── Data extract

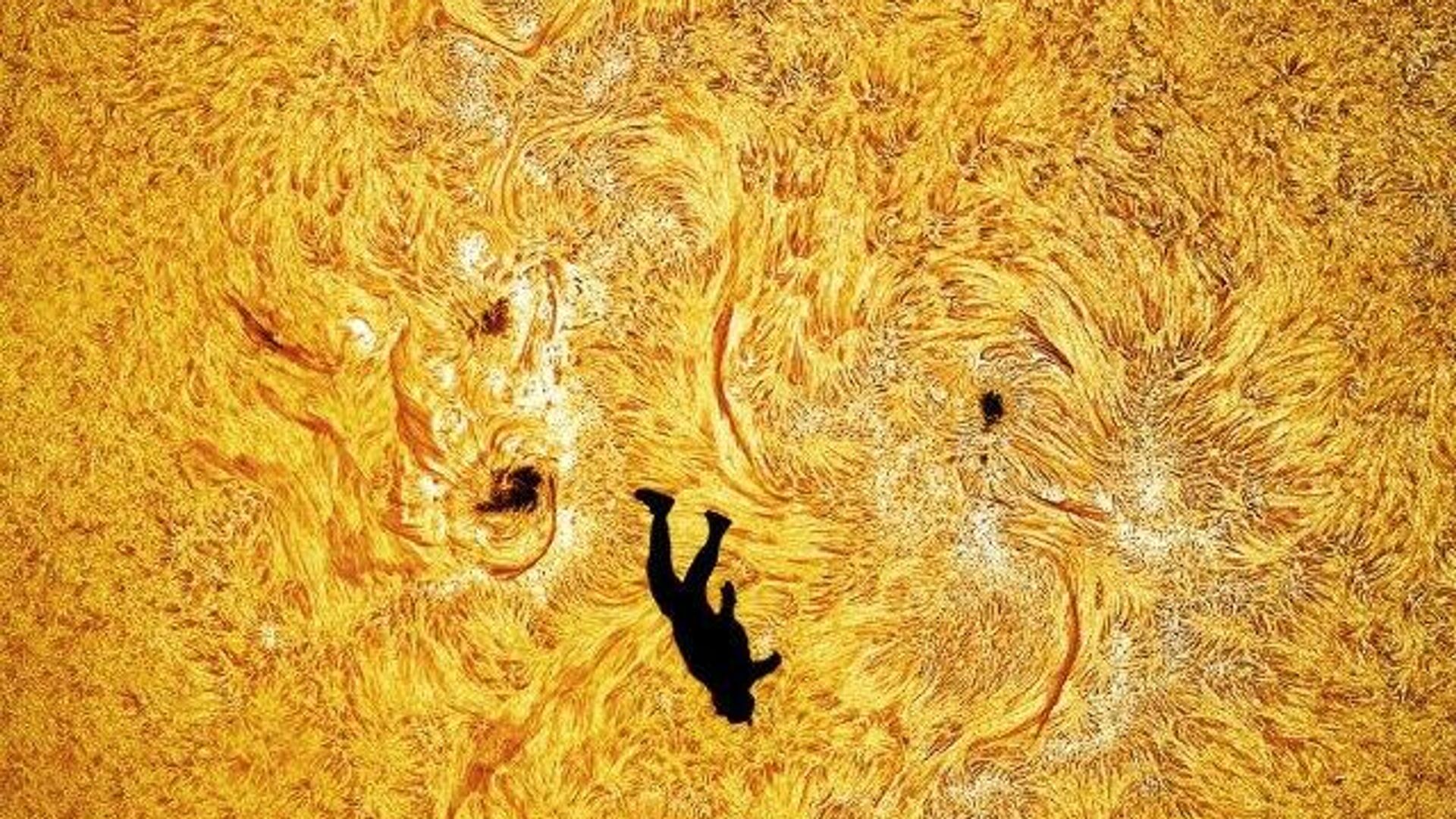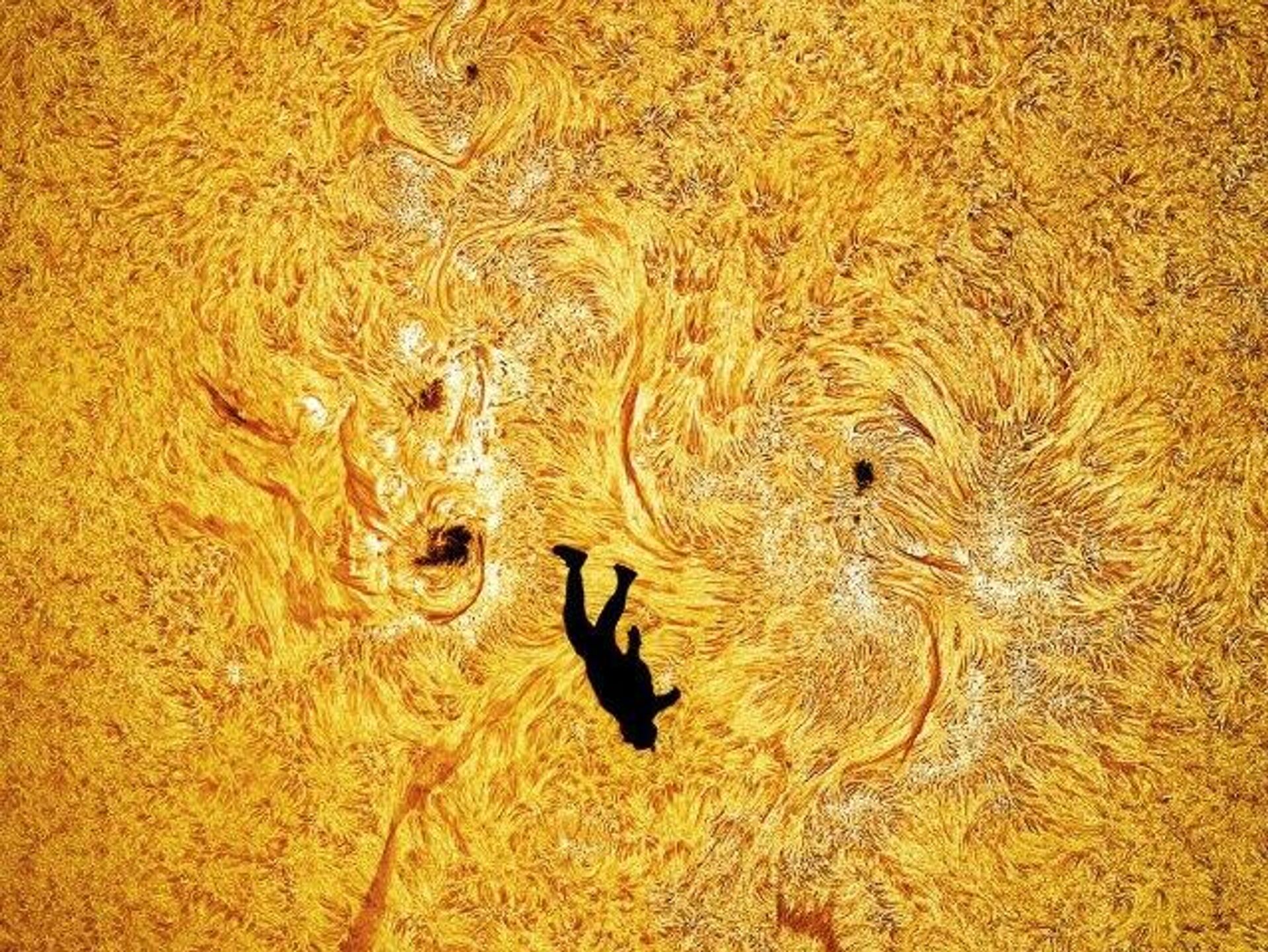 اندرو مککارتی، عکسی از پرش چتر دوستش در پسزمینهی قرص خورشید گرفته است. این تصویر در خط H-alpha گرفته شده که امکان مشاهدهی جو خورشید را فراهم میکند.
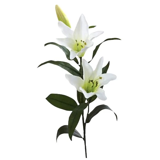 The white blooms with light green centers of these artificial lily flowers are incredibly realistic. The dark green, smooth-edged leaves add to the brilliance of the white lilies. With multiple blooms and buds on each stem, this set of 12 stems is sure to have you thinking spring. This elegant bouquet would look beautiful when arranged in a tall black vase and placed next to your kitchen sink to bring a touch of nature indoors.
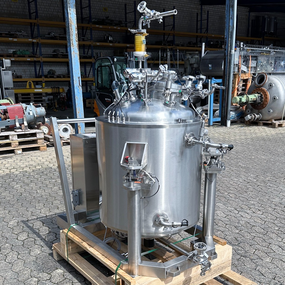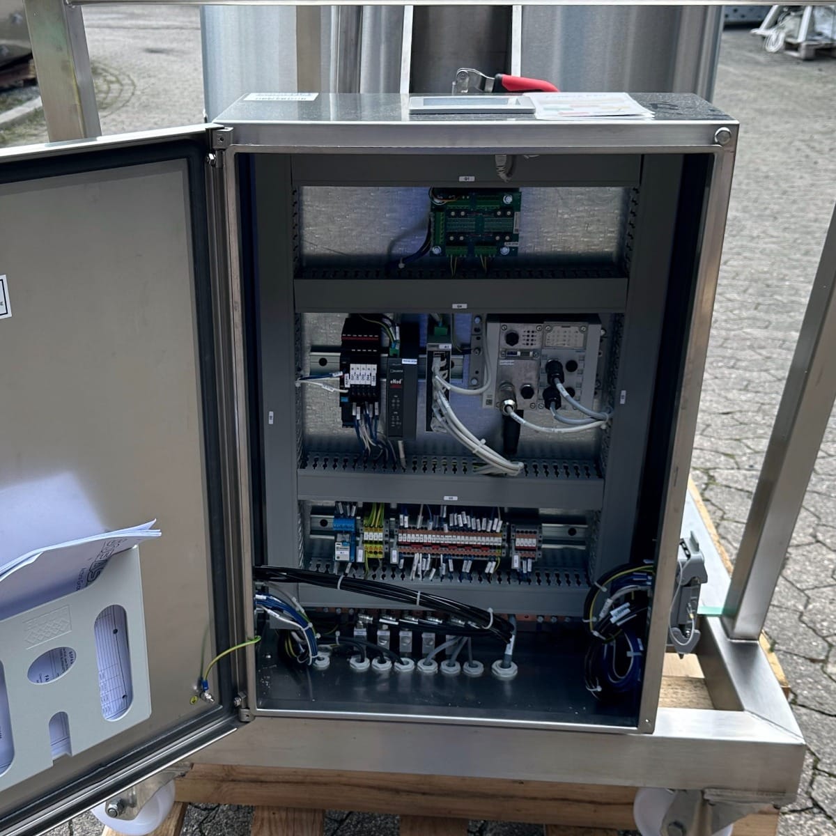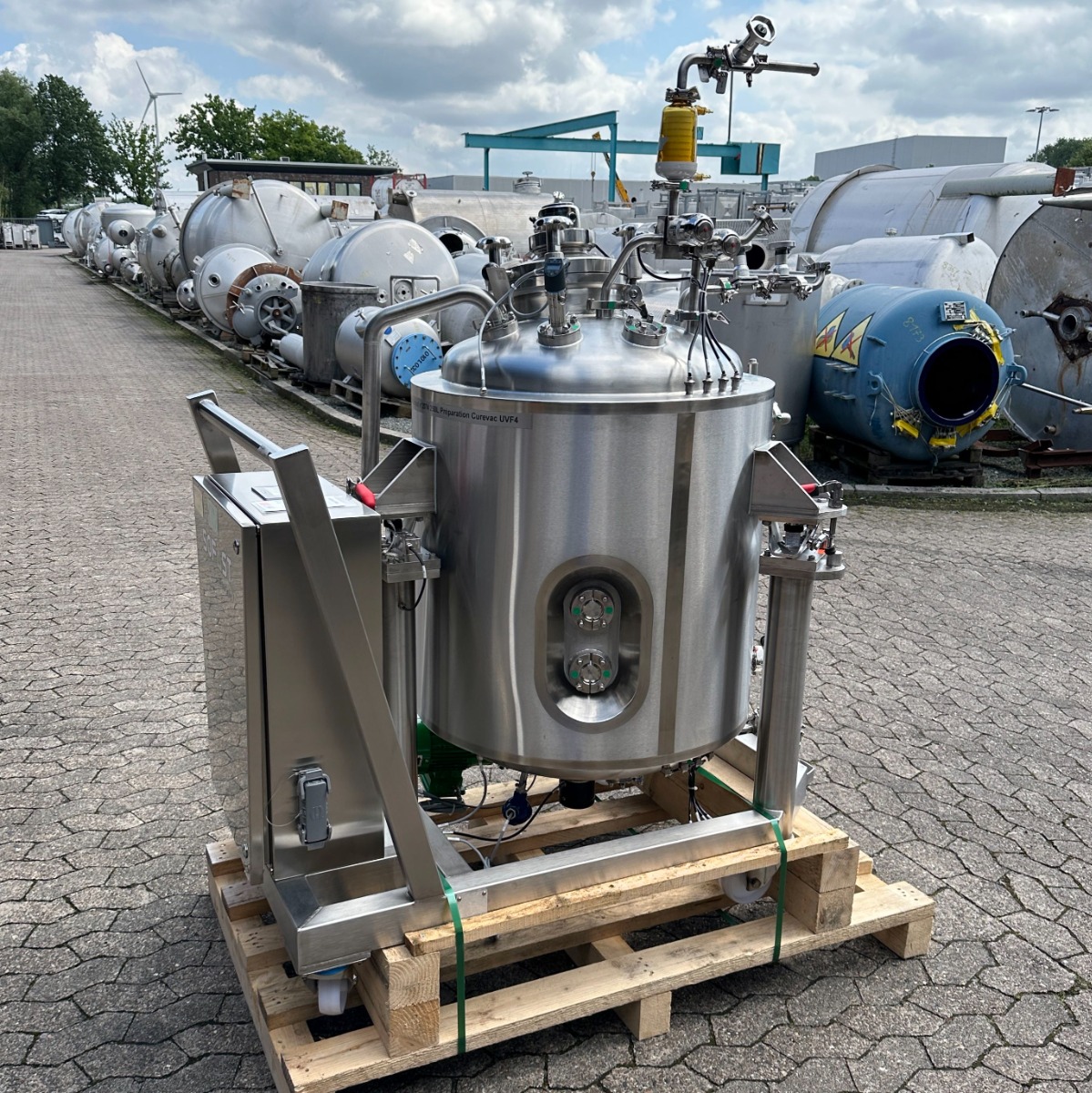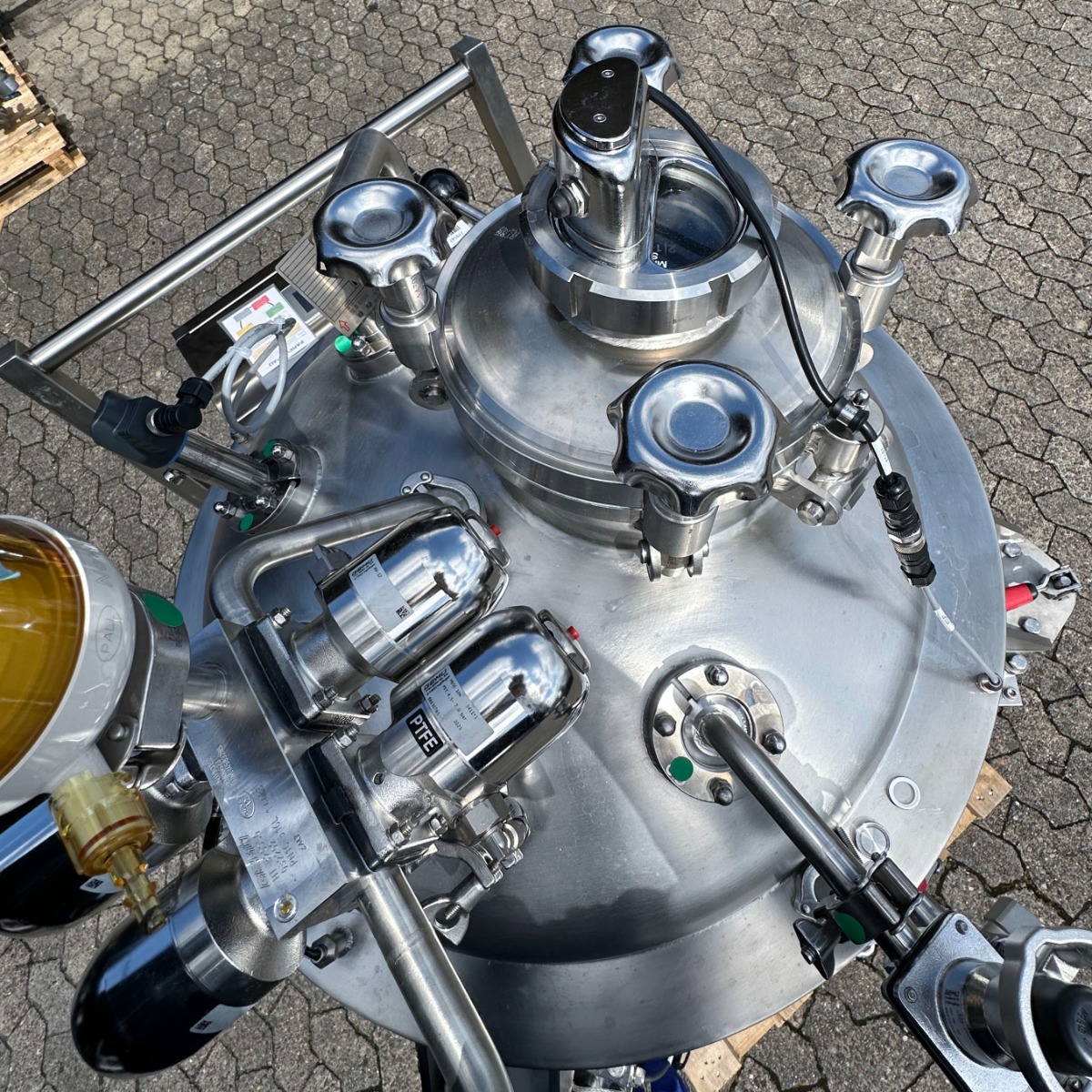 pharmacy; mobile frame V2A with brake; hand hole with sight glass diameter: approx. 250mm; pneumatic actuator at the outlet; the container hangs on 3x weighing cells on the frame; we can’t give any
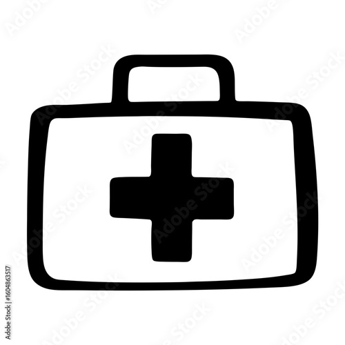 Obraz premium Simple monochrome first aid kit icon illustration for medical assistance

────

▶ Prompt:
Write out each line again, exactly as it appears above, except for any picture.

▶ Exercise answer:
 اندرو مککارتی، عکسی از پرش چتر دوستش در پسزمینهی قرص خورشید گرفته است. این تصویر در خط H-alpha گرفته شده که امکان مشاهدهی جو خورشید را فراهم میکند.
 The white blooms with light green centers of these artificial lily flowers are incredibly realistic. The dark green, smooth-edged leaves add to the brilliance of the white lilies. With multiple blooms and buds on each stem, this set of 12 stems is sure to have you thinking spring. This elegant bouquet would look beautiful when arranged in a tall black vase and placed next to your kitchen sink to bring a touch of nature indoors.
 pharmacy; mobile frame V2A with brake; hand hole with sight glass diameter: approx. 250mm; pneumatic actuator at the outlet; the container hangs on 3x weighing cells on the frame; we can’t give any
 Obraz premium Simple monochrome first aid kit icon illustration for medical assistance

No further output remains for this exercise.